Amir Sufi and Atif Mian describe at Barron’s their research into links between household debt and economic busts.
[T]he Great Recession showed us we can predict a slowdown in economic activity by looking at rising household debt. In the U.S. and across many other countries, changes in household debt-to-GDP (gross domestic product) ratios between 2002 and 2007 correlate strongly with increases in unemployment from 2007 to 2010. For example, before the crash, household debt had increased enormously in Arizona and Nevada, as well as in Ireland and Spain; after the crash, all four locales had particularly severe recessions.
In fact, rising household debt was predictive of economic slumps long before the Great Recession. In his 1994 presidential address to the European Economic Association, Mervyn King, then the chief economist at the Bank of England, showed that countries with the largest increases in household debt-to-income ratios from 1984 to 1988 suffered the largest shortfalls in real (inflation adjusted) GDP growth from 1989 to 1992.

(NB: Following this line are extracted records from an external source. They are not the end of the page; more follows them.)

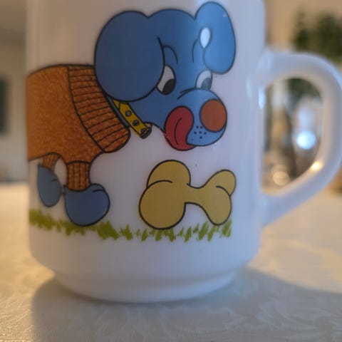 Fint retro/vintage Arcopal France krus/kopp med hank i melkeglass med motiv av dachs/hund. Kruset er fra 1970-tallet og er laget av opalinglass, et slitesterkt materiale kjent for sin hvite, ugjennomsiktige finish. Helt og pent med motiv i klare, fine farger.
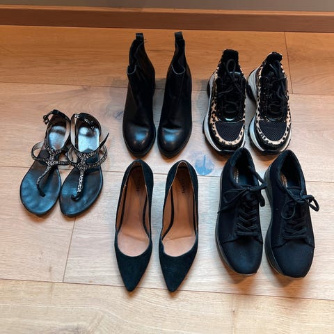 Sel 6 par høghælte fest-sko. 1 par ECCO raude semska skinn, 1 par ECCO svarte glitrande, 1 par blå Høgl semska skinn, 1 par Jumex gull glitrande, 1 par ECCO korte støvletter svart semska skinn, 1 par Vagabond høge skinnstøvletter med snorer bak. Alle sko er pent brukt, men tida for høge hælar er forbi. Alle er str. 37. Sel dei samla for kr 800,- for allle 6 para.
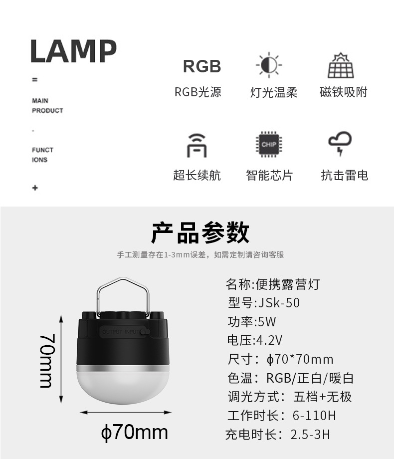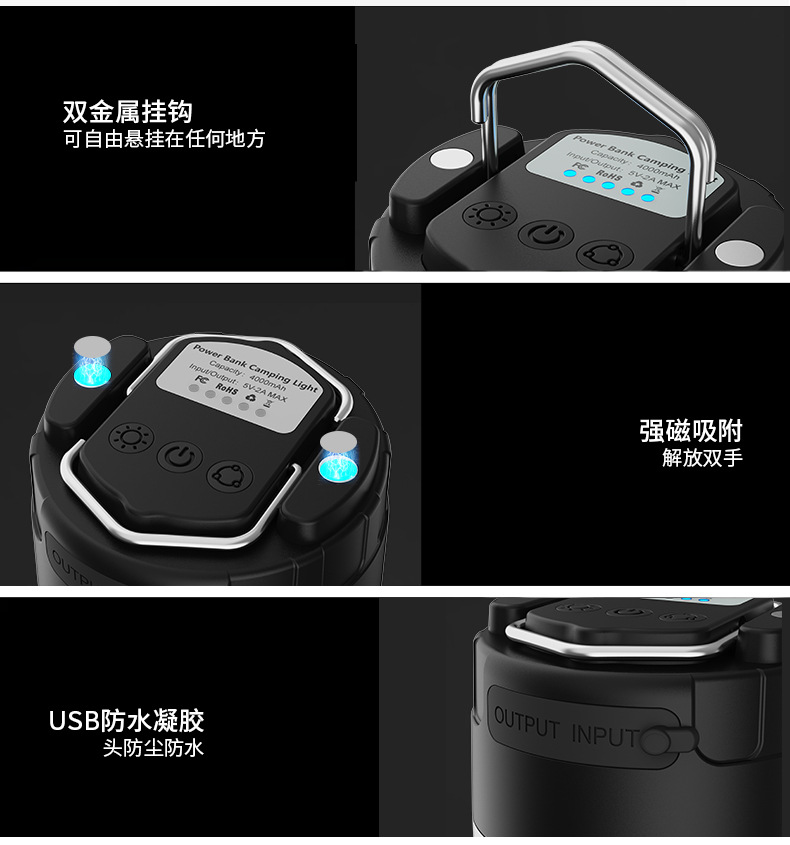 자기 매력 캠핑 조명 방수 캠프 조명 야외 캠핑 조명 다기능 USB 충전 텐트 조명 led 비상 조명
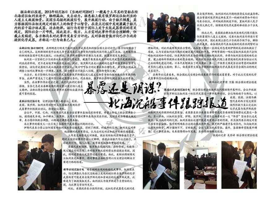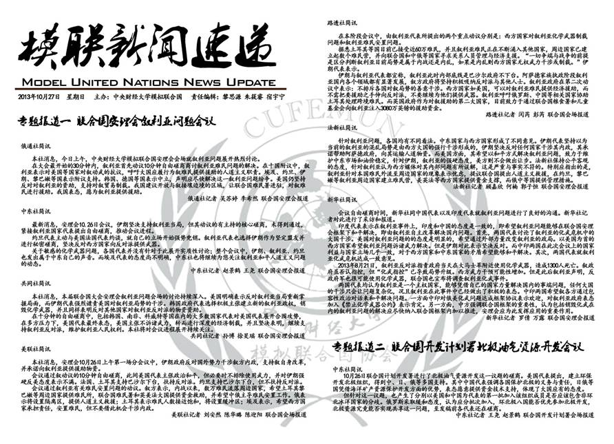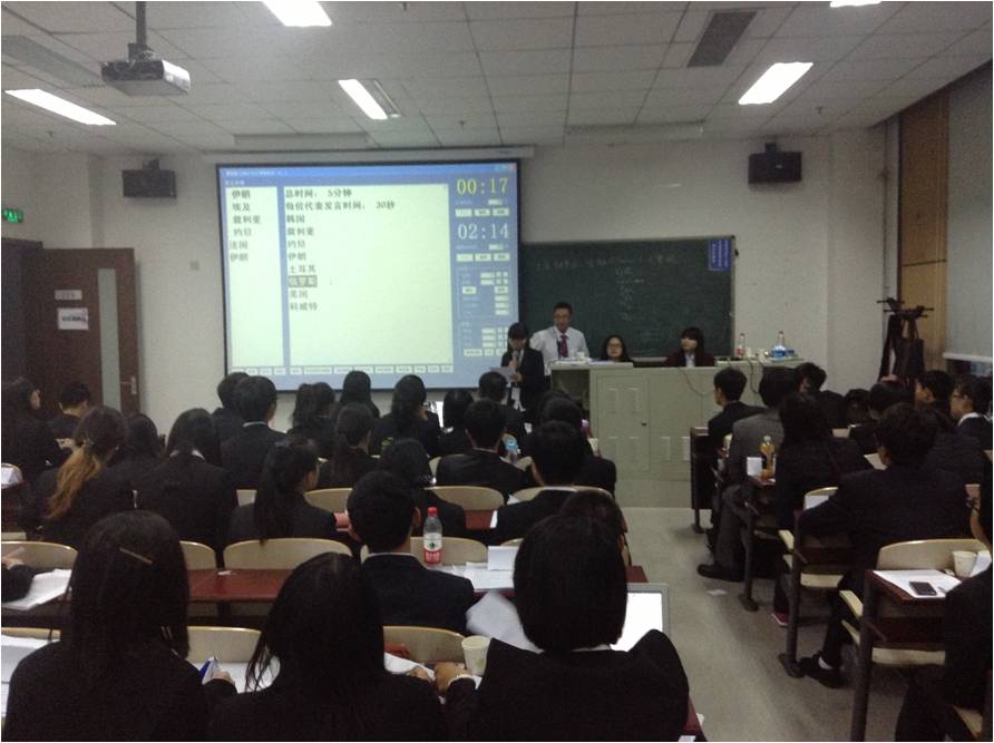 10月26、27日,模拟联合国各委员会会议正式召开。本次大会议题紧紧围绕当下国际热点,选取了包括叙利亚问题、北极油气资源开发问题在内的焦点议题以及历史上两伊战争中油轮战等历史议题。各国代表分别针对这些问题在联合国安全理事会、联合国开发计划署、历史安理会三个会场争锋相对,展开激烈辩论。各国代表怀揣国家使命,竭力表明各自立场,或激辩、或磋商,努力发挥各自国家的影响力,以为本国争取到最大利益。在为期两天的三场会议中,各位代表们进行了紧张的协商和谈判,不断深化对问题的理解,积极主动探求对会议中产生问题的解决途径。
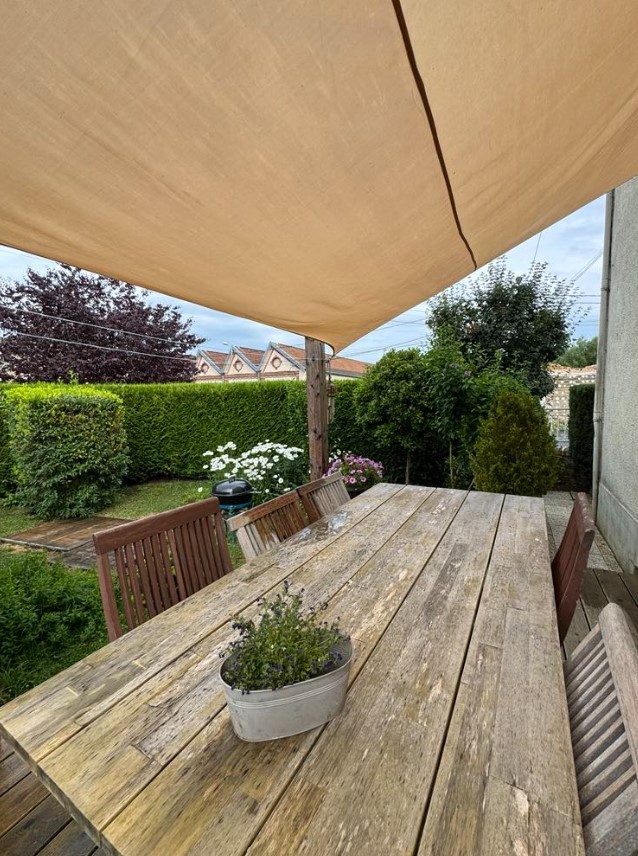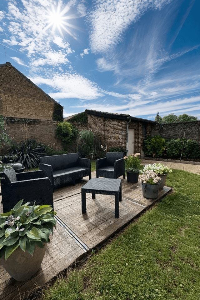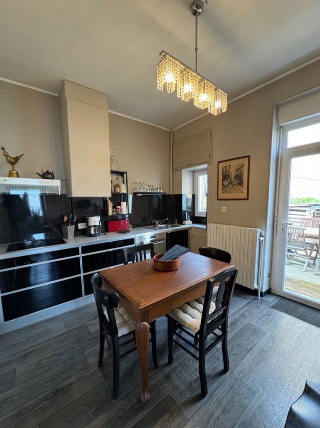 Au RDC: un appartement comprenant une entrée, une cuisine, un séjour, une chambre, un bureau, une salle de douches. Une terrasse avec un terrain.
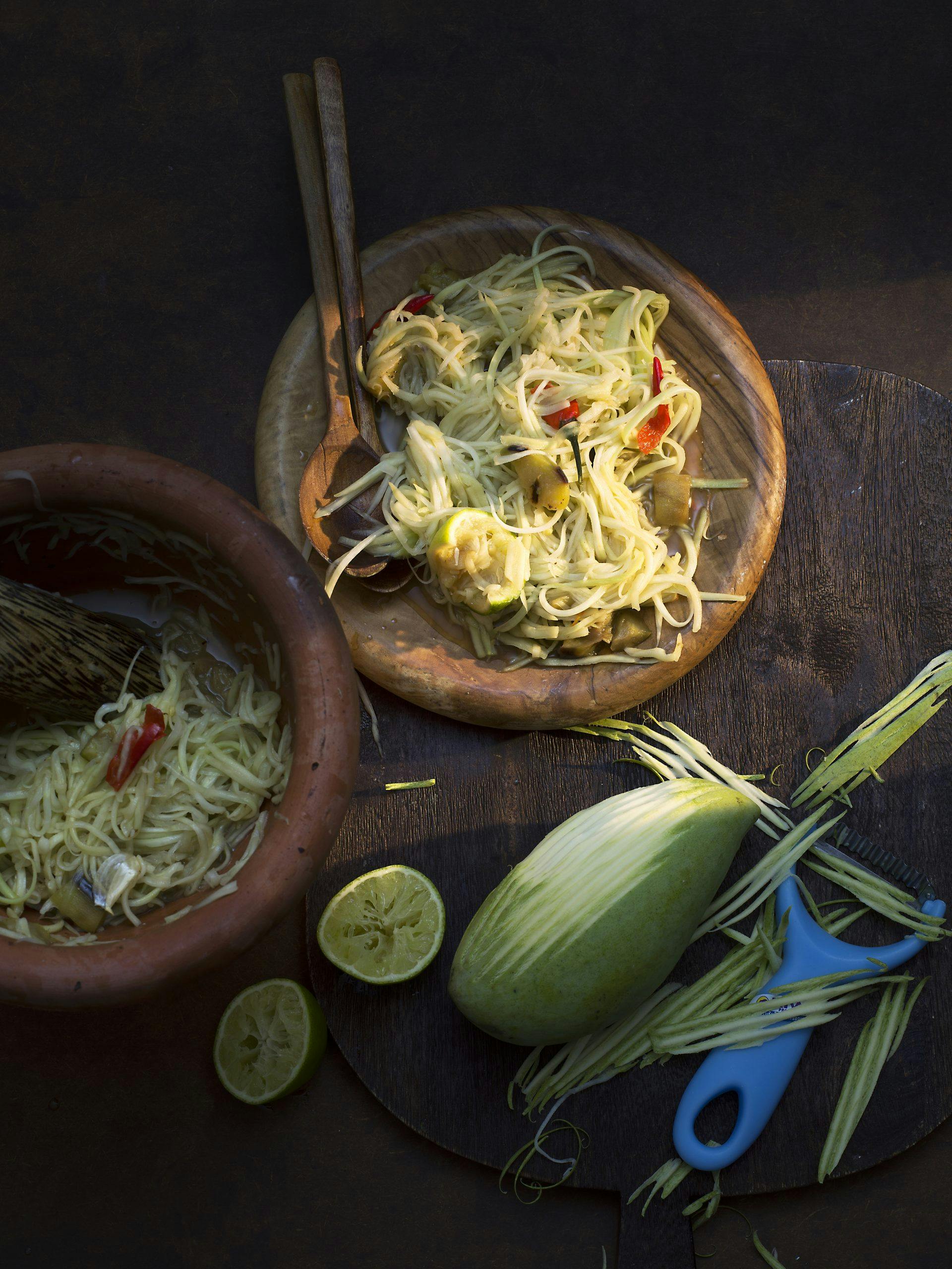 I Thailand bruker de ofte aubergine, og det finnes en stor variasjon i størrelse, form og farge. De mortes gjerne rå i salater, men her er en variant med tilberedt aubergine som gir en myk konsistens sammen med papaya og grønn mango, det vil si umoden, syrlig mango.

In our own work with Emil Verner of Princeton University, we have shown that U.S. states with larger household-debt increases from 1982 to 1989 had larger increases in unemployment and more severe declines in real GDP growth from 1989 to 1992. In another study with Verner, we examined data from 30 countries over the past 40 years, and showed that rising household debt-to-GDP ratios have resulted in slower GDP growth and higher unemployment. Recent research by the International Monetary Fund, which used an even larger sample, confirms this result.
The conclusion we draw from a large body of research into the links between household debt, the housing market, and business cycles is that expansions in credit supply, operating primarily through household demand, are an important driver of business cycles generally.